Toinv - I am no scientist but Rosuvastatin is water soluable and Atorvastatin is lipid soluable (lipophilic). They do have different effects on insulin and diabetes. Below is something I found that maybe our scientists could expand on further as to possible differing interactions.

https://www.gpnotebook.co.uk/simplepage.cfm?ID=x20120104193906598025

"Insulin resistance:

• lipophilic statins may have adverse metabolic consequences that include impaired insulin secretion and promotion of insulin resistance (1)
• hydrophilic statins
  • pravastatin improves insulin sensitivity in some patients (1)
  • rosuvastatin
    • does not change insulin sensitivity in patients with metabolic syndrome or familial combined hyperlipidemia. However, it increases the incidence of type 2 diabetes (4). Interestingly, rosuvastatin increases the rate of onset of new diabetes in a dose-dependent manner (hazard ratio = 1.10, 1.14, and 1.26, respectively)"

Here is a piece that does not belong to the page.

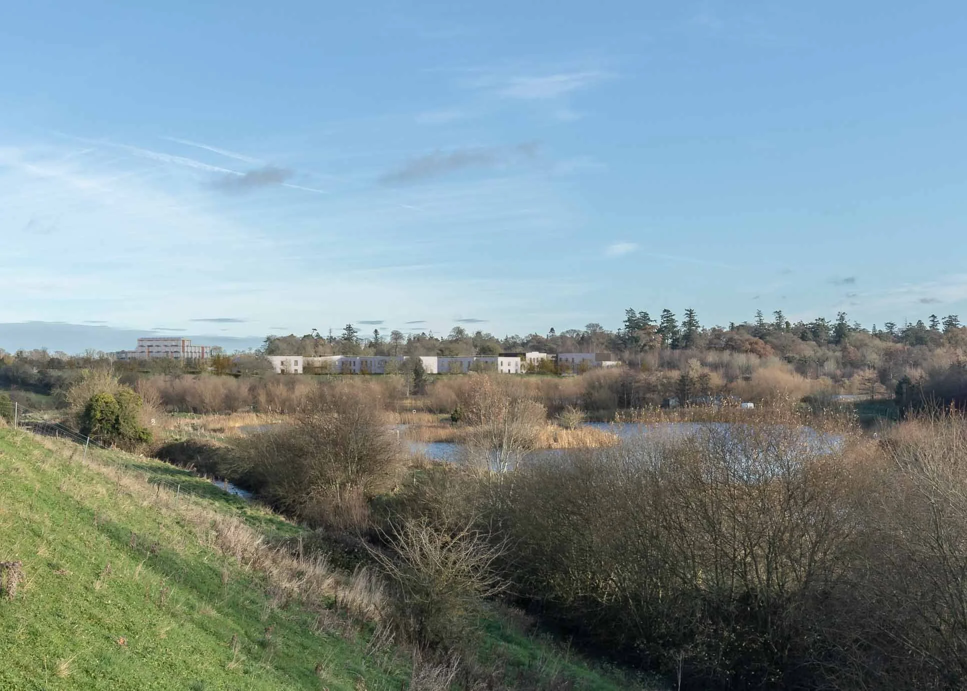The site is currently a greenfield site, divided and bordered by native hedgerows and mature trees, which have been taken as a starting point in defining our site and will be retained and complemented, to promote biodiversity and retain the natural feel of the site. The site is around 20 minutes from Maynooth on foot. Pedestrian and vehicular access routes were analysed, and paths proposed on anticipated desire lines. The proposed development provides for 24262sqm of public open space which will form part of the Rye River Walk.

To your functional HDL point, I believe you are referring to Merck's Anaceptrapib. At the same time the ASSURE results were announced, Merck made a big splash with results of a huge increase in HDL. Anaceptrapib is a CETP inhibitor and RVX had already disclaimed these drugs as raising non-functional HDL because when used up, these drugs weren't allowing the HDL to be removed from the body. The HDL volume went way up without improved effectiveness. I believe Merck continued testing and concluded in about 2017 that they were not getting any 3 point MACE improvement from the higher HDL levels but continued trying to develop the drug for LDL lowering. This is from my memory so hopefully not too far off and I am not sure if they are still pursuing this or not.